Major medical breakthroughs, and the public's increasing awareness of the benefits of healthy living, mean that people in general are living longer. Therefore, the percentage of people reaching retirement age - and living for perhaps another 20 to 30 years - is rapidly increasing.

ational Insurance contributions from today's workers are funding state pensions for today's pensioners. It is therefore inevitable that less and less people will be funding more and more people - an impossible situation. It would seem likely, therefore, that more cuts have to be made in the future.

There are many options available as regards pension planning and, to find the one relevant to your needs, please click on the headings below or contact us for a no obligation discussion.

PERSONAL PENSIONS

A Personal Pension Plan is a tax efficient savings scheme * designed specifically to enable you to save for your retirement. You may save regularly each month or year, and add single contributions whenever you wish. Alternatively, you may just pay one or more single contributions.

GROUP PERSONAL PENSIONS

A Group Personal Pension plan works similarly to the Personal Pension, but is administered by the employer. Contributions may be made by the employee, employer or both - within Her Majesty Revenue and Customs limits. Personal contributions are deducted - before tax - from the employee's salary, and paid to the pension provider by the employer.

Occupational Schemes

Around half the employed workforce in the UK are currently members of occupational pension schemes. A large number of scheme members are set to receive pensions based on their final salary at, or near to, their retirement age. These schemes (sometimes called 'Defined Benefit' schemes) tend to give a higher and wider range of benefits than other schemes. If you are a member of this type of scheme, you should be receiving documentation annually detailing what your latest expected pension will be at your normal retirement date.

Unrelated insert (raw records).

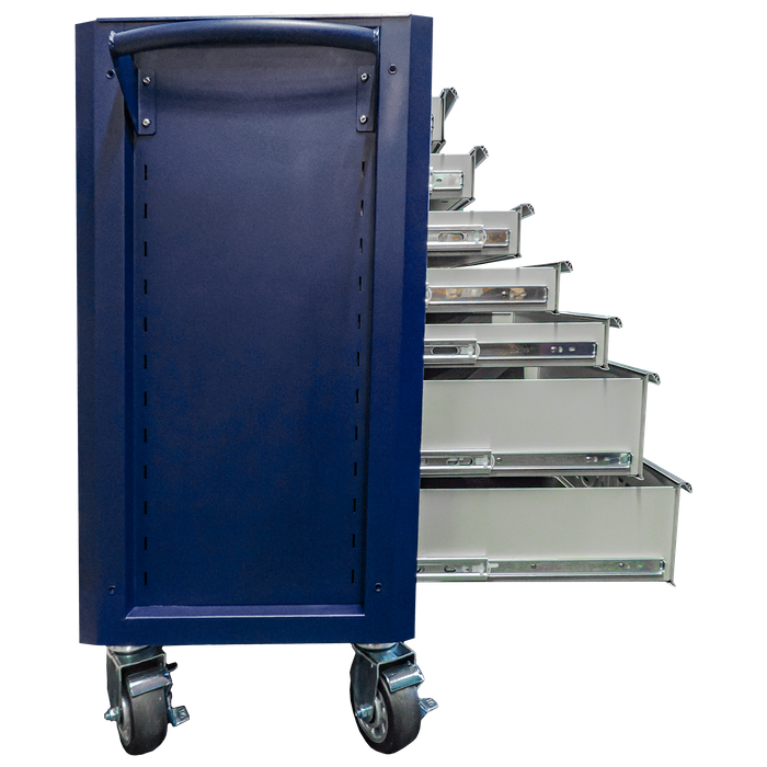 Built from heavy-duty steel with a durable powder-coated finish, this cabinet delivers superior strength and long-lasting reliability. Its seven self-closing drawers, equipped with secure latch mechanisms, provide smooth and dependable operation, while pre-cut premium PVC liners protect your tools and keep them orderly.
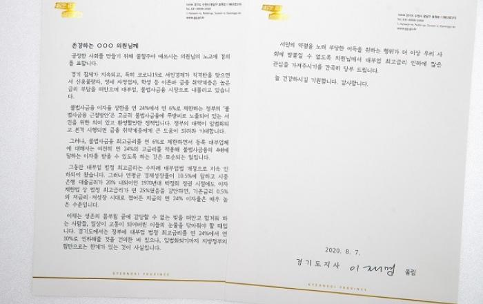 이재명 경기도지사가 연 24%에 이르는 등록 대부업체의 고금리를 10%까지 낮춰달라고 더불어 민주당 대표단 등 여당에 건의했다.7일 경기도에 따르면 이재명 지사는 이런 내용을 담은 편지를 이날 더불어민주당 대표단과 소속 국회의원 176명 전원에 보내 ‘대부업 법정 최고
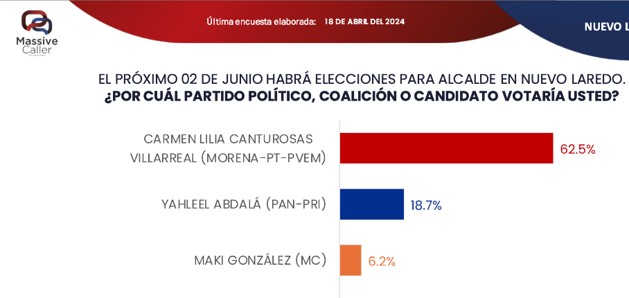 Con una superioridad manifiesta de 62.5 % en Intención de Voto, la candidata de la Coalición 'Sigamos Haciendo Historia' Carmen Lilia Canturosas marcha al frente de las preferencias electorales en ruto a la Elección Municipal de Nuevo Laredo para el próximo 2 de junio.
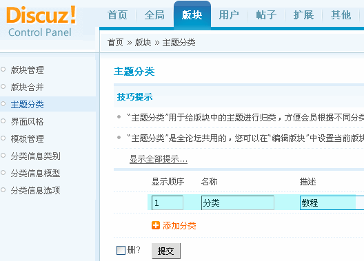1 、后台 => 版块 => 主题分类 => 添加分类填写好分类的名称,提交。如果需要同时添加多个,可以点击 「添加分类」 。
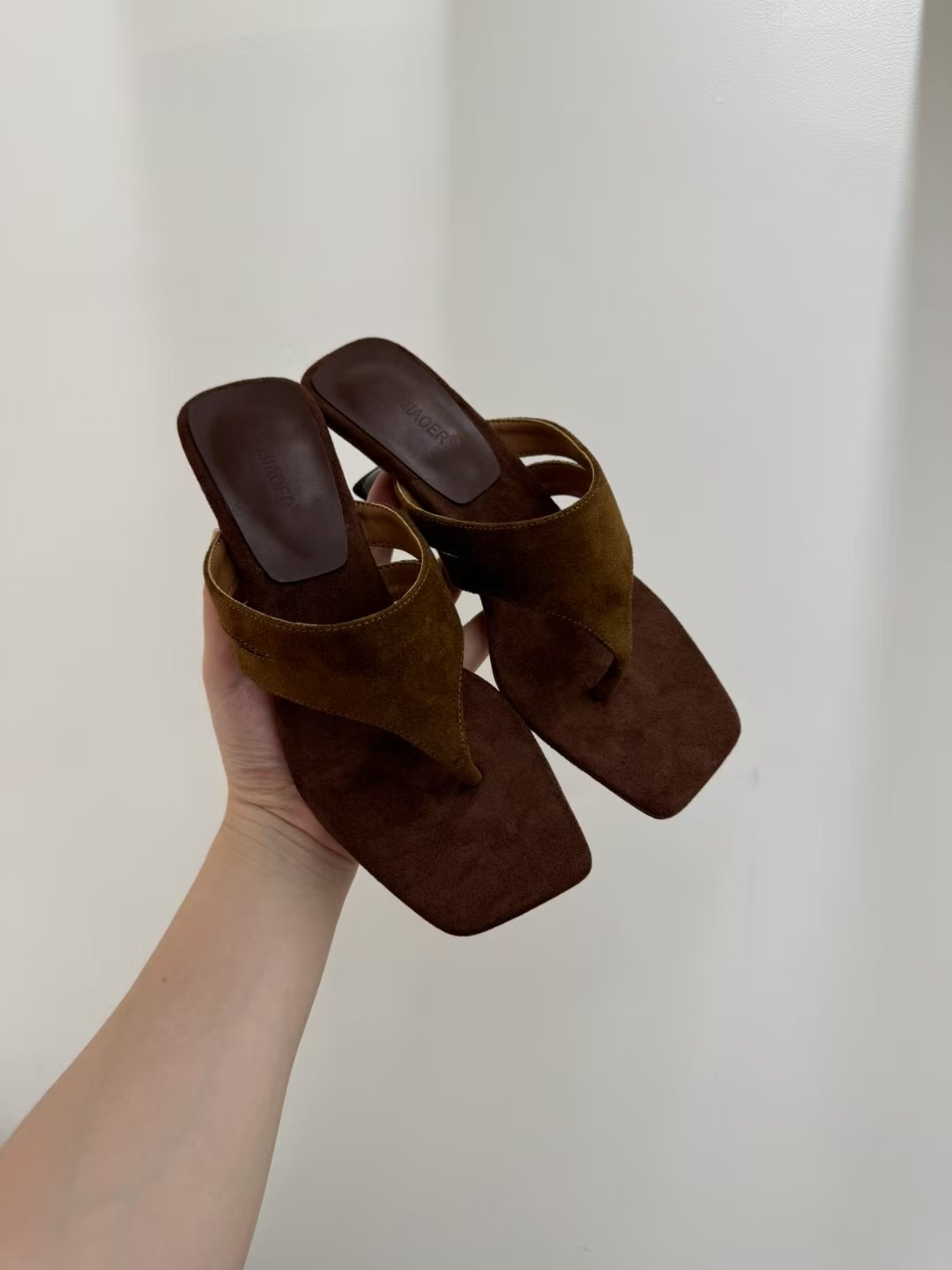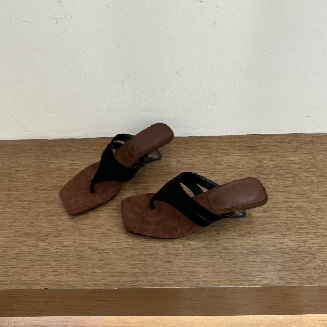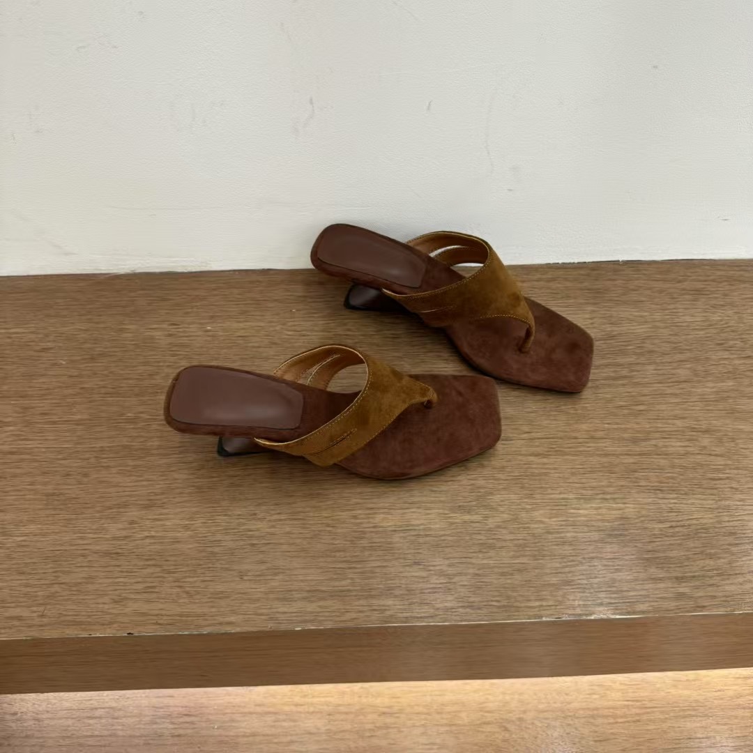 미라 핫걸! 레트로 스웨이드 플립 플롭 여성 여름 2025 여름 새 스타일 플립 플롭
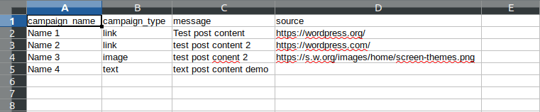 In the CSV file, you just have to provide the campaign name, campaign type, message and source for link and image post. After you have provided this information on a CSV file, you have to upload the file.
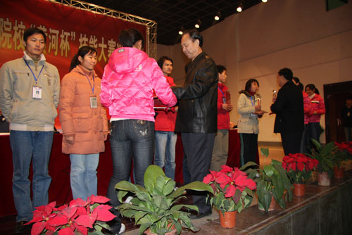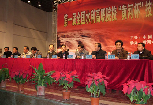 中国水利教学协会副会长彭建明在闭幕式上讲话。他说,本次大赛在中国水利教育协会、教育部水利水电工程专业教指委和黄河水院的精心准备、严密策划下,全国21所高职院校积极参与,取得了圆满成功。众多优秀选手参与比赛,保证了竞赛的质量与水平,展示了水利高职院校学生的技术水平和各院校的教育风采。同时大赛为水利院校互相交流、共同提高提供了平台,希望“黄河杯”技能大赛能够越办越好,成为水利高职院校之间的精品赛事。他还寄语参赛选手要树立“学水利、爱水利、干水利”的信念,为水利现代化建设施展自己的聪明才干。
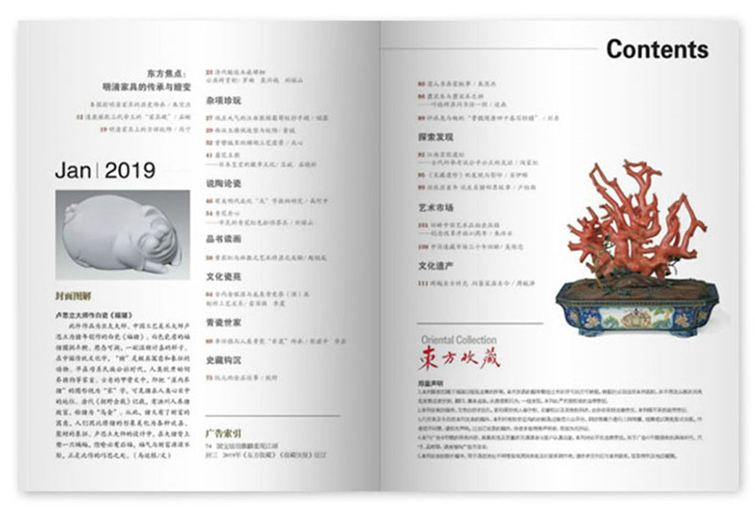 《东方收藏》主要栏目:说陶论瓷、焦点透视、探索发现、杂项珍玩、博物之窗等。

ADDITIONAL VOLUNTARY CONTRIBUTIONS

The purpose of an AVC is to secure extra pension. Cash can not normally be taken direct from an AVC. However, there may be special circumstances when AVC benefits can be commuted for cash. Please contact us for further details. AVC's are subject to a maximum funding limit of annual allowance £245,000 (2009/2010). Members of occupational schemes can purchase extra benefits if they consider that their pension is not going to provide them with enough income during their retirement. All occupational schemes are required to offer these type of arrangements (since 6th April 1988).

Free Standing AVCs

These have been available since 1987. They are separate from the employer's scheme, and often allow greater flexibility and control over pension arrangements, although there may be higher charges because there is no employer subsidy of costs, which is usually a feature of an in house AVC. FSAVCs generally offer more choice over investment and product providers.

Options at Retirement: Phased/Unsecured Pension/ Annuities
The options available to you on retirement have grown significantly over the past few years. It was not long ago that there was virtually no choice, other than deciding whether to purchase an annuity or take a proportion of your pension as tax free cash or not. You may now, in certain circumstances, elect not to receive part of your pension and/or tax free cash. There are a number of reasons why you may wish to do this, a few of which are noted below :-
· You are in poor health
· You do not need the pension currently
· You do not require the benefits the scheme are imposing on you
· You require more flexibility
It is virtually impossible to detail all of the advantages of phased retirement and unsecured pension schemes, as everybody's circumstances differ. Both of these schemes can be very useful indeed, and should in many cases be considered prior to retirement. Please contact us to discuss your individual requirements.

Executive Pension Plan (EPPs), Self Administered Scheme (SSAS), Self  Invested Personal Plan (SIPPs)
Many company directors, and senior executives, are members of either EPPs or SSASs. Many, however, are not and do not appreciate the advantages these schemes may bring to their pension and tax planning. These schemes, together with SIPPs, can be complex and generally require individual consultation. They can, however, be extremely beneficial. Please contact us in order that we may discuss your requirements and consider your options.

Stakeholder
Stakeholder is the new pension that the government introduced from April 2001. It is simple and offers good value to everyone, especially those on low incomes. To be able to call itself 'stakeholder', a pension will have to meet minimum standards on cost, access and terms (the 'CAT standard').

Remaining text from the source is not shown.